Inscribiéndome en el encuentro evocador pero a veces demasiado ambiguo entre la psicoterapia y


el ritual, intenté proponer ciertas perspectivas antropológicas sobre la práctica psicoterapéutica,
considerando tres contextos relacionales:

1> El encuadre que representa la participación del cliente y del terapeuta en sus respectivas
redes sociales.
2> La relación terapéutica que tiene lugar entre cliente y terapeuta a partir de su encuentro y
3> Los dispositivos activados en el curso de la terapia, que generan las condiciones del
cambio relacional.

Estos tres contextos están encajados los unos en los otros.
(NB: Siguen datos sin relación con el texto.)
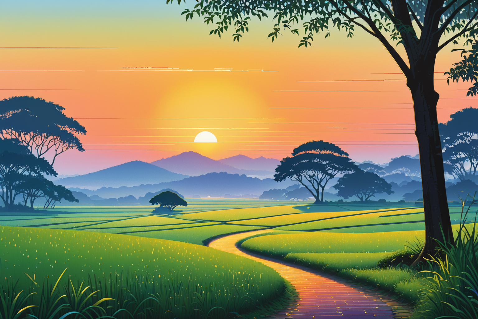 Daphne, Philippines, dawn, long-long ago, dew, Misérabilisme, Mixed media painting by Georges Seurat, colorful, very detailed, HD, highly detailed, sharp focus, stunningly beautiful, hyper-detailed, HDR+, 16K, Vector art, Vivid colors, Clean lines, Sharp edges, Minimalist, Precise geometry, Simplistic, Smooth curves, Bold outlines, Crisp shapes, Flat colors, Illustration art piece, High contrast shadows, Technical illustration, Graphic design, Vector graphics, High contrast, Precision artwork, Linear compositions, Scalable artwork, Digital art
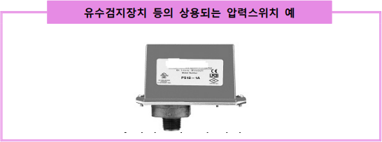 고가수조를 설치한 경우 유수검지장치의 설치위치 유수검지장치 등이 물의 흐름을 검지하는 검지압력(차압)범위는 제조업체의 사양에 따라 각기 다르므로 설치하고자 하는 제품에 대한 사양을 참고하여야 한다. 예: 압력스위치가 물의 흐름을 검지하는 검지압력(차압)범위 * 미국제품은 PS-10A : 0.27~0.4 bar
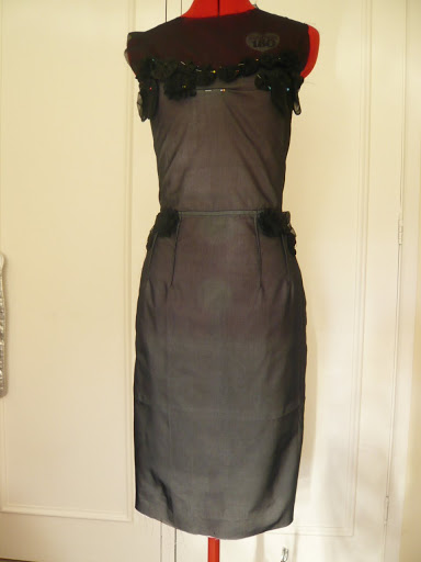 Fortunately several months ago I bought a package of several kinds of black material at an op shop for $5, included in which was this black chiffon-y sort of stuff. I’m not a chiffon-y sort of girl but I had to use what was at hand, so dreamed up a 50s style wiggle dress. Not that I have anything to wiggle (more on that later). (cost = about $1 as I did not use all the material)
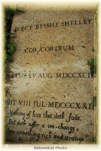 我驻足在雪莱躺在地上的墓碑前,注视着这朵永不凋谢天堂之花。我相信,从那一天起,正如这墓碑上所宣告的一样,海再也无力向他的灵魂发威,经过海的苦痛,他已成为更绚烂更奇异更美妙的丰富。
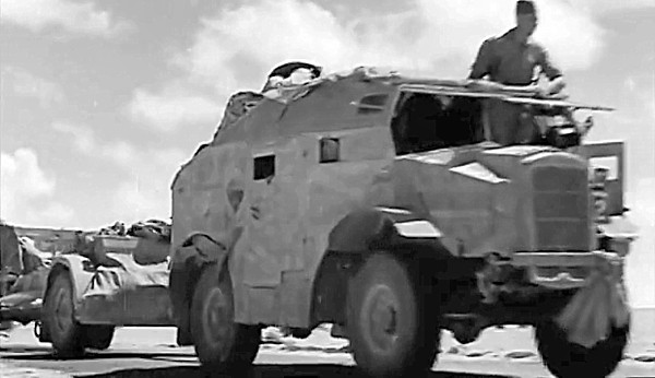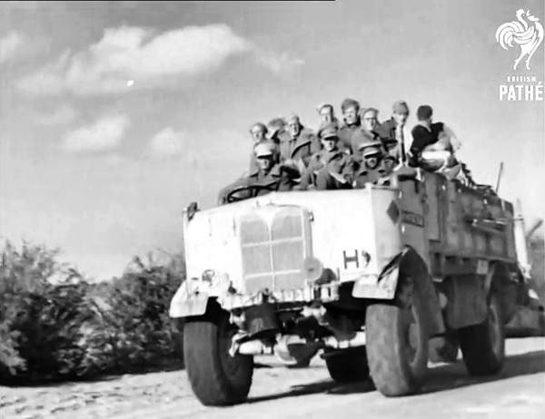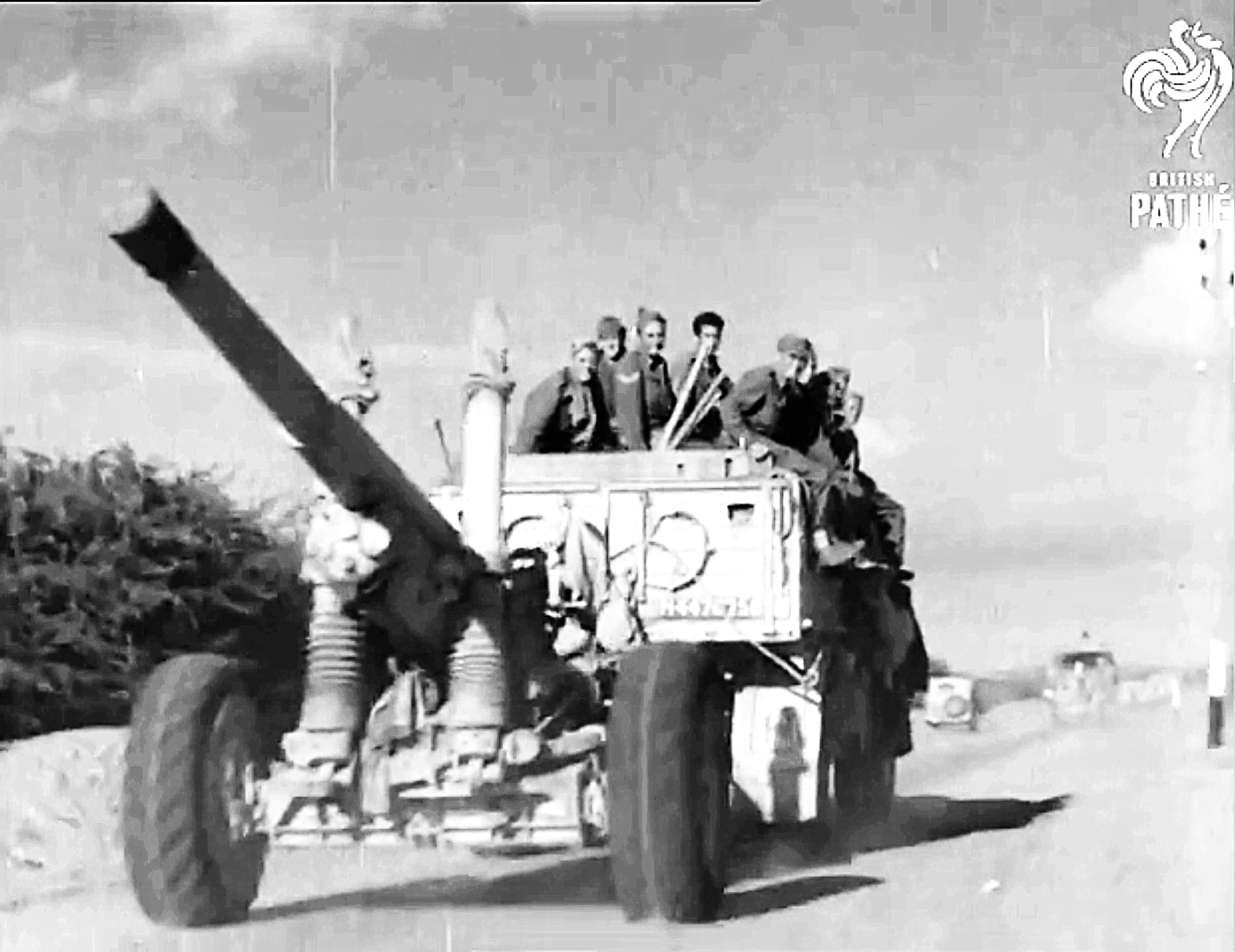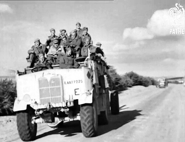 Newsreel shots of a Morris/25pdr column passing the war correspondent
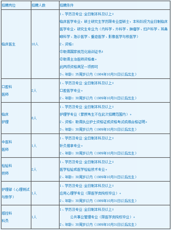 (2)報名臨床醫(yī)生崗位,符合招聘條件者直接進入面試,不進行筆試,面試人數可不按3:1比例進行,即通過資格初審者全部進入面試。

De una parte, los dispositivos
protocolares del "juego de ficción" y de la "ritualización de la sesión", así como la recomposición de
las condiciones de interacción ordinaria a la cual pueden llegar, suponen la instauración preliminar
de la relación terapéutica como una condición pragmática específica, descrita aquí como una
articulación entre los principios de "notificación" y de "exhibición". De otra parte, el establecimiento
de esta relación terapéutica es ella misma preparada, de un lado, por las interacciones anteriores
del cliente con sus próximos, interacciones que favorecerían una cierta reducción de las
expectativas del cliente con respecto al terapeuta, y del otro, por la participación del terapeuta en
reuniones con colegas, la cual favorecería una actitud virtualmente doble del terapeuta frente a sus
clientes eventuales. Considerando estos tres niveles contextuales, intenté mostrar en qué medida
la práctica terapéutica es más compleja que lo que podría entenderse como "ritual", "juego",
"espectáculo" o "interacción ordinaria": es una puesta en relación particular de estas diferentes
modalidades de interacción lo que le da una forma y una lógica distintas.

Es evidente que ciertos aspectos de este análisis se aplican igualmente, con más o menos
coherencia, a diversos tipos de terapia. Desde este punto de vista, sería tomando en cuenta las
variaciones sobre este esquema de base que convendría situar los modelos terapéuticos
divergentes: las distintas modalidades por las cuales activan los juegos de ficción y la ritualización
de las sesiones, las diversas formas que toma la articulación entre los presupuestos pragmáticos
de "notificación" por parte del cliente, y de "exhibición" por parte del terapeuta en el curso de la
consulta, las propiedades institucionales y sociológicas que, en uno u otro caso, caracterizan las
redes sociales en las cuales participan clientes y terapeutas. Sin embargo, un trabajo comparativo
de este tipo, exige que se le reconozca a la interacción terapéutica un cierto número de cualidades
específicas. La pretensión de este estudio fue dar un primer paso antropológico en ese sentido.